How do I wire the trailer brakes?
The trailer brake light kits don’t come with wires for brakes, so we are on our own for figuring this part out.
I think the reason the brake wire isn’t included is because it depends on your trailer setup. In my case it is a relatively short 16′ utility trailer with only one braking axle. If you have a super long RV with triple axles and brakes on each axle, you will need a heavier duty wire.
I ended up using 12 gauge wire which is plenty and probably a little overkill for my setup. 12 gauge should also be sufficient if you have two braking axles. However if you have a really long trailer, or it is heavy duty in some other way (7k lb axles, skid steer hauler, etc.), you should probably be on the safe side and use something closer to 10 gauge wire.
I found that Home Depot carries some 12/2 braided wire (don’t use solid or romex type house wiring in automotive applications) that is labeled as ‘Irrigation wiring’. It has a really tough insulation and is made for being buried, so I bet it will be acceptable here. It was ~.70 cents a foot when I bought it, so I was able to get out the door for around $15.
Most diagrams I found just had a 12 or 10 guage wire running to one terminal on the brake solenoid and the other side attached to the frame for ground. I went a little overkill and ran two 12 gauge wires to the brakes, one for power and the other for ground both of which were hooked into the junction box.
Mounting the junction box
I wanted this junction box to be secure, so I got fancy with it and busted out my welder. This is not necessary though. Find a non-load bearing piece of steel then drill a hole in it and either put a bolt through it or use a Nutsert.
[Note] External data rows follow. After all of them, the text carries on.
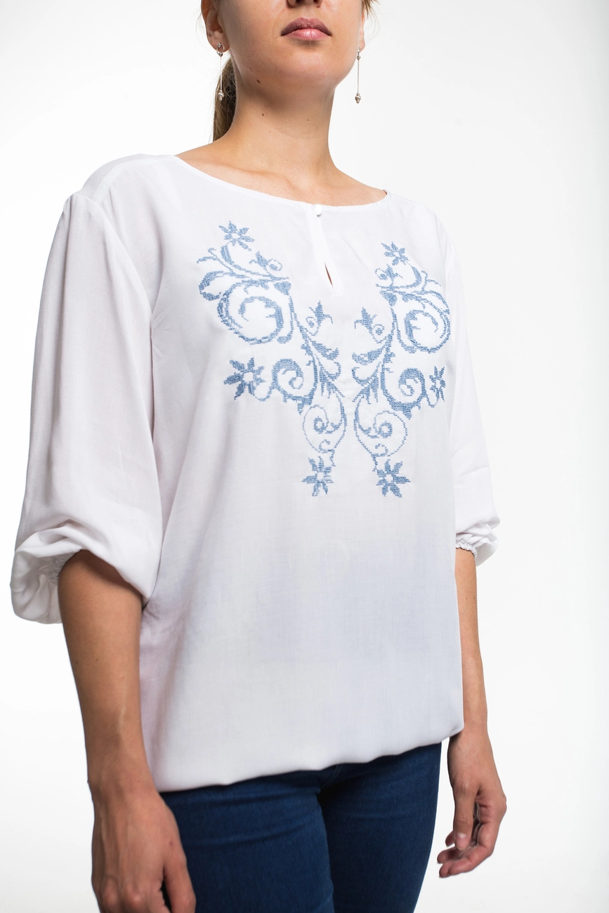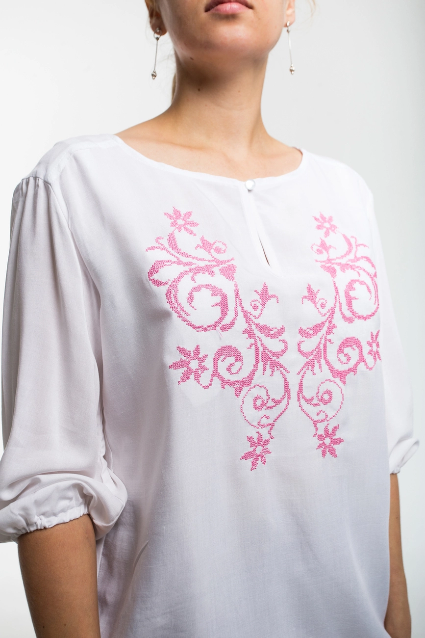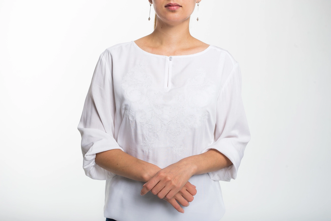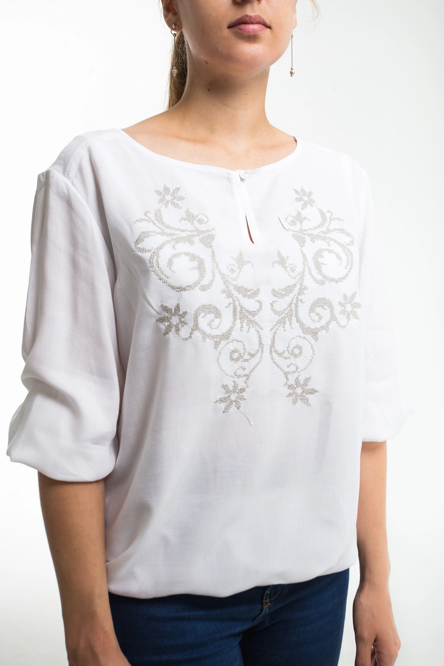 Жіноча блуза з вишивкою на білому фоні від гуртівні Leosouvenir має багатий та святковий вигляд.
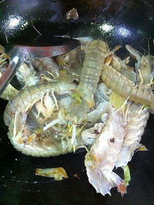 放入皮皮虾, 倒入少许黄酒(我用的料酒)大火翻炒
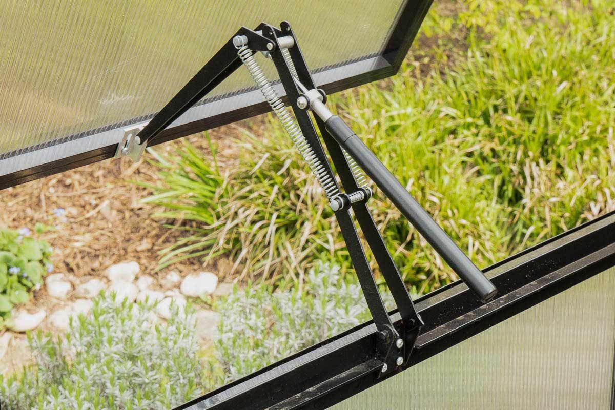 Dieses Gewächshaus ist ein absoluter Klassiker und optisch ein toller Blickfang in Ihrem Garten. Das Modell ist in zwei verschiedenen Größen und in zwei Verglasungsartungen erhältlich (Kunststoffglas Hohlkammerprofilen 6 mm oder Echtglas 4 mm). Diese Verglasungen schützen die Pflanzen gegen zu starke Sonneneinstrahlung, sorgen für eine ausgeglichene Temperatur und sind weniger empfindlich gegen herabfallende Äste oder dergleichen. Die Oberfläche des Gewächshauses glänzt in der Sonne und Obst und Gemüse reifen im intensiven Tageslicht. Dieses Gewächshaus ist mit Kippfenstern ausgestattet, eines davon öffnet sich automatisch bei zu hoher Temperatur und schließt sich nach der Abkühlung. Eine leicht zu reinigende und dadurch stets saubere Oberfläche erlaubt eine maximale Lichtausbeute. Verlängern auch Sie Ihre Obst und Gemüse Saison.
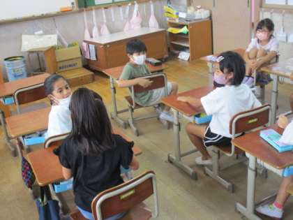 新しいゲームをして、好きな数や色などを伝える練習をしました。

Don’t know what a Nutsert is? Check out my other article: What is a RivetNut / Nutsert tool and how do I use it?
Yes… I know I told you to throw away all of the wire nuts and there is clearly two in my picture above. The wires coming off the solenoid were REALLY short and I was afraid to pull off the wire nuts that had been on there for years for fear of creating a lot more work for myself. I’ll put this on the future to do list when I have more motivation.
Wiring Function/Color list
Notice the picture above a wire comes out and attaches to the stud, it is a black 12 gauge wire but I put some white electrical tape on it for future reference. This is to give the junction box a ground to the trailer. The box is plastic and wouldn’t ground otherwise, It is not good practice to rely on the ball to ground the trailer back to the vehicle ESPECIALLY on a trailer with brakes. Please properly ground your junction box.
Trailer Registration Holder
Here is a neat tip from when I used to be a fleet manager. Commercial trailers usually have a handy holder at the front to hold DOT and registration documents. These things are cheap and waterproof. A couple of self tapping screws and you never have to worry if you are driving the vehicle that has your trailer registration or not. This is especially useful if a lot of people borrow your trailer.
This is a job that is totally DIY-able. A little bit bit sweat and some new parts from Amazon you can save yourself a lot of money. Don’t be afraid of it.
Hope this helps you with your project. Now YOU, go outside and work on something!